Exercise directions:
Skip the pictures and give back the rest of the listing exactly.

Supplied material:
*** Begin section ***

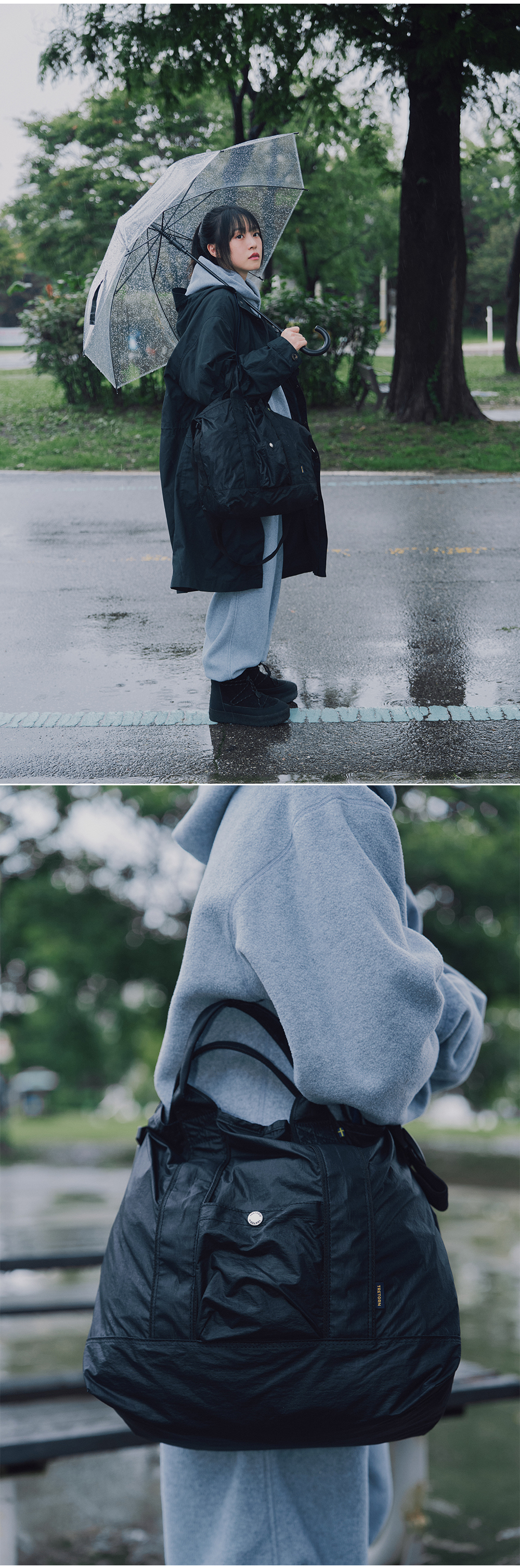나일론 립 토트백은 가벼우면서도 탄탄하고 강한 내구성을 가진 립스탑 소재를 사용하였으며, 전면의 작은 포켓이 포인트로 있으며 사이드에 카라비너로 추가적인 악세서리를 부착할 수 있어 일상용 뿐만 아니라 여행 및 아웃도어 활동에도 적합한 가방입니다.
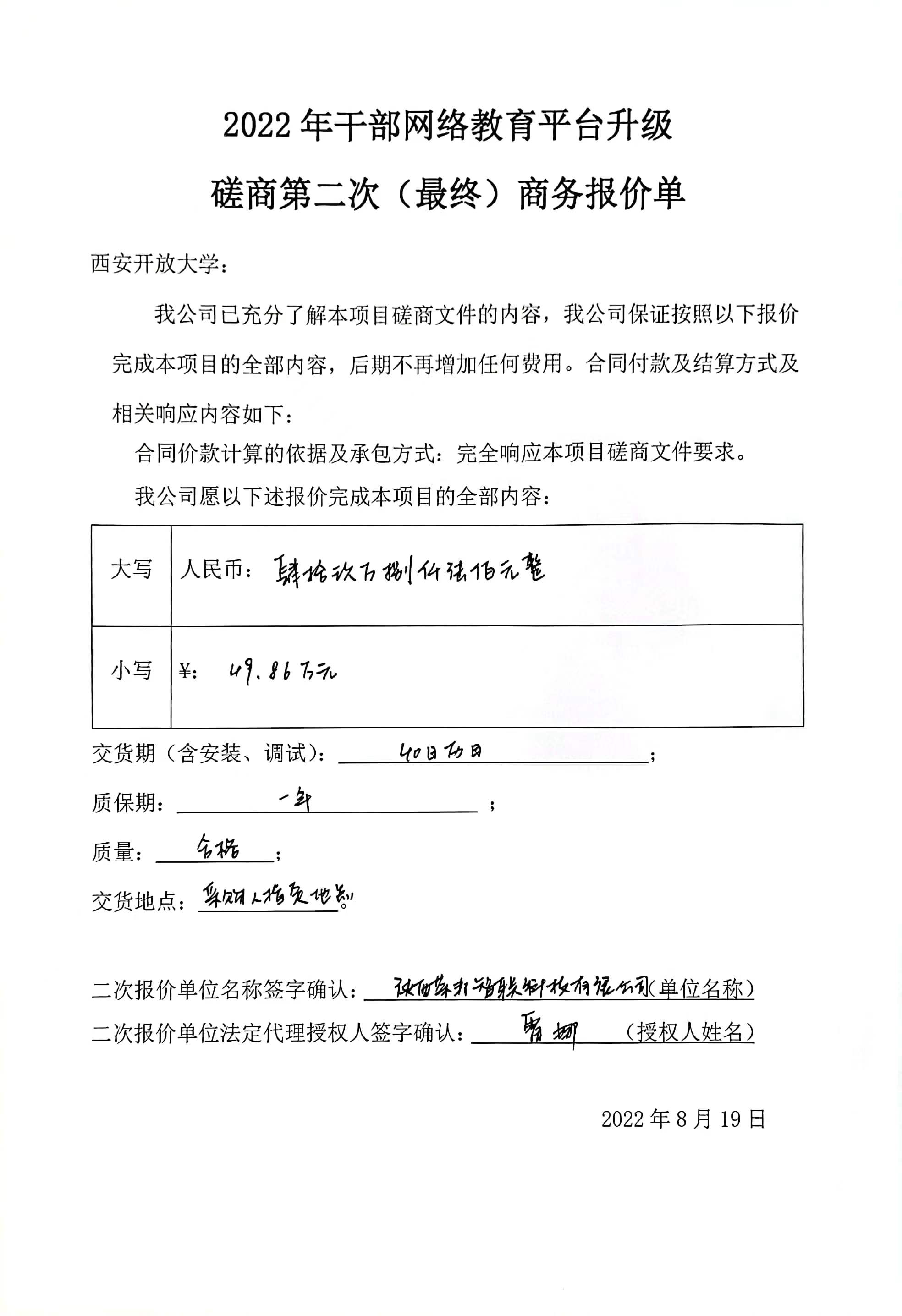 2022年8月23日西安开放大学2022年干部网络教育平台升级中标(成交)结果公告 |
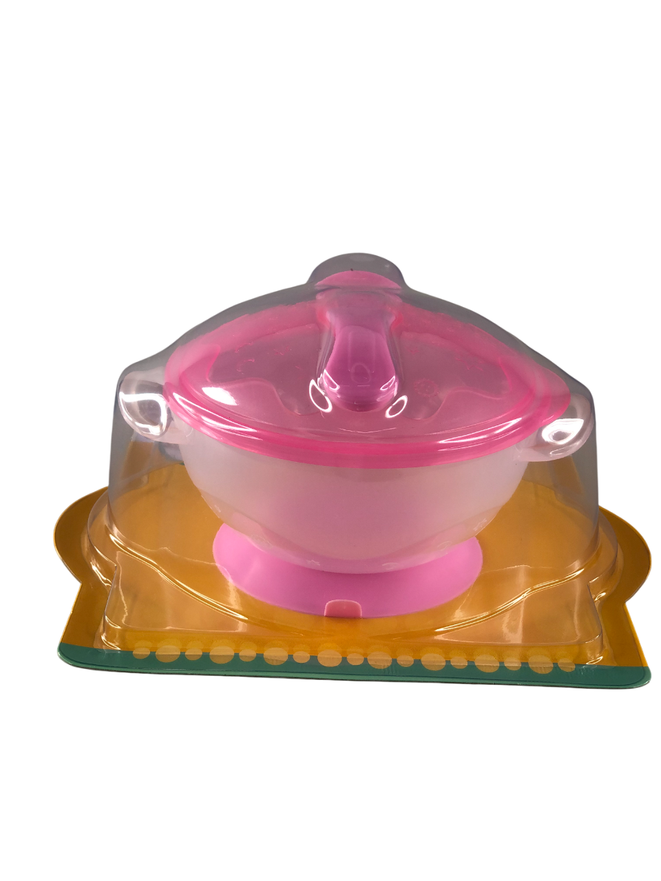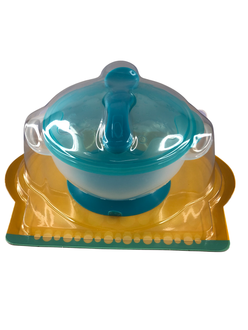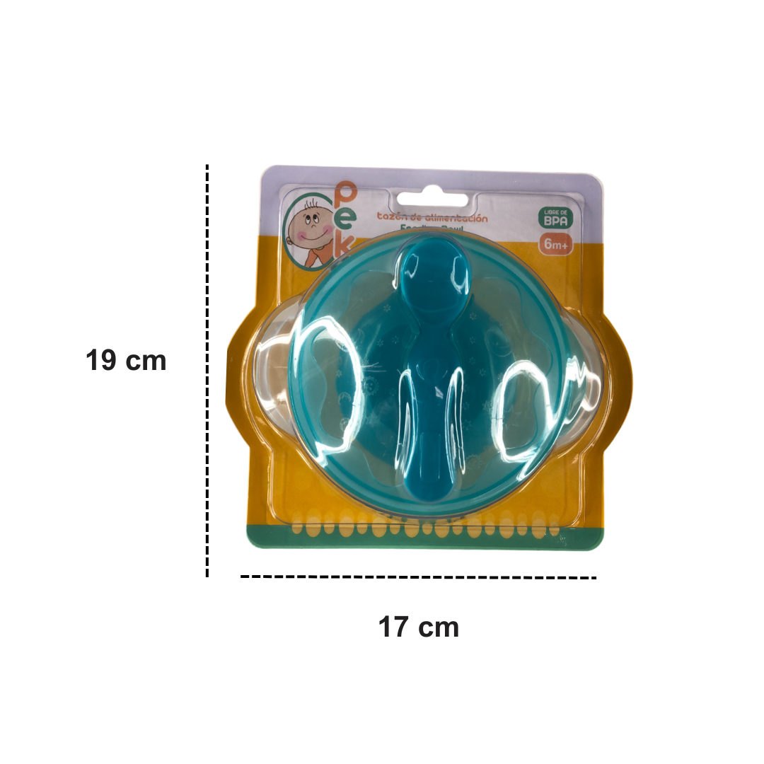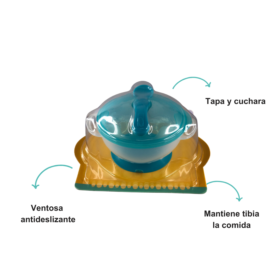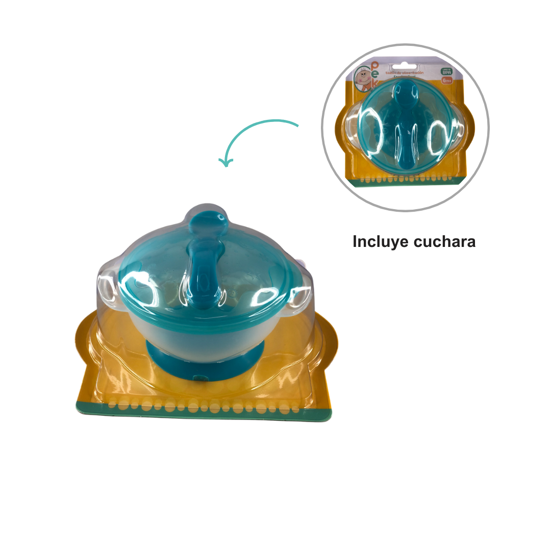 Plato con tapa, cuchara y ventosa, libre de BPA.

*** End section ***

Written answer:
나일론 립 토트백은 가벼우면서도 탄탄하고 강한 내구성을 가진 립스탑 소재를 사용하였으며, 전면의 작은 포켓이 포인트로 있으며 사이드에 카라비너로 추가적인 악세서리를 부착할 수 있어 일상용 뿐만 아니라 여행 및 아웃도어 활동에도 적합한 가방입니다.
 2022年8月23日西安开放大学2022年干部网络教育平台升级中标(成交)结果公告 |
 Plato con tapa, cuchara y ventosa, libre de BPA.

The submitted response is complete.